Bab 1 : Maafkan Tari, kak Ares

22 1 2
                                    

[Mentari Pov]

Plakk!

Suara keras dari tamparan bu Nirina yang mendarat di pipi kak Ares membuatku mendongakkan wajah, menatap bekas merah yang kini terpampang jelas di wajah kak Ares. Pasti itu sangat perih.

"Maafkan Ares, mom," suara lembut dari pria tampan bernama lengkap Mahesa Prasetya Wiguna itu menembus masuk kedalam gendang telingaku yang berdiri bersisian dengannya.
Wajahnya yang begitu tenang menghadap lurus kearah bu Nirina yang sudah bersimbah airmata.

"Kenapa, Ares? Kenapa?!" Suara pilu bu Nirina yang tengah mencengkeram kerah baju koko kak Ares sungguh menyayat hatiku.
Nyeri menyeruak dari dalam sana menatap bagaimana majikan perempuan ku yang berhati lembut itu memukul keras dada sang putra tertua.

Sejurus ekor mataku melirik kearah sosok ibu, tersembunyi diantara tiang sekat ruang dapur dan ruang tengah tempat kami semua berada sekarang.
Airmatanya tak kalah deras bertumpah keatas pipi yang entah sejak kapan mulai berkeriput.
Ibuku sudah setua itu.

Kepalaku tertunduk. Rasa malu, rasa takut bercampur mengaduk dengan rasa nyeri.
Aku sungguh tidak sanggup lagi menengadahkan wajahku pada orang-orang yang tengah menghakimi aku dan juga kak Ares.
Hatiku menjerit. "Hentikan!

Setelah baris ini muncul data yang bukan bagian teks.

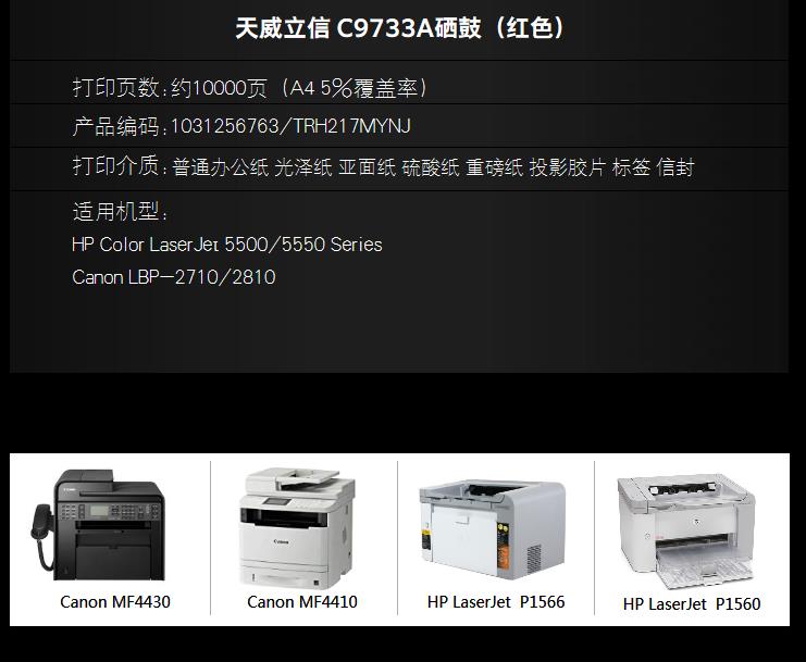 商品名称:天威立信C9733A 硒鼓 红色 适用于HP-5500/5550 Series Canon LBP-2710/2810

Ini bukan kesalahan kak Ares."

               oo00oo

Brugh!

Dari balik kepala yang tertunduk, kedua mata ini kemudian tertuju pada dua buah tas yang sudah berada tepat didepan kakiku dan kaki kak Ares.
Tas pakaian milikku dan ransel milik kak Ares.

"Pergi dari rumah ini," suara bariton tuan Bramantyo Wiguna terdengar.

Kedua mataku sudah membulat sempurna. Tepat seperti apa yang sudah aku pikirkan sebelumnya. Hanya saja, memikirkan aku sudah menyeret pria yang tidak seharusnya mengambil tanggung jawab untuk hal yang tidak dia lakukan padaku benar-benar membuatku ingin mengungkapkan saja apa yang sebenarnya terjadi.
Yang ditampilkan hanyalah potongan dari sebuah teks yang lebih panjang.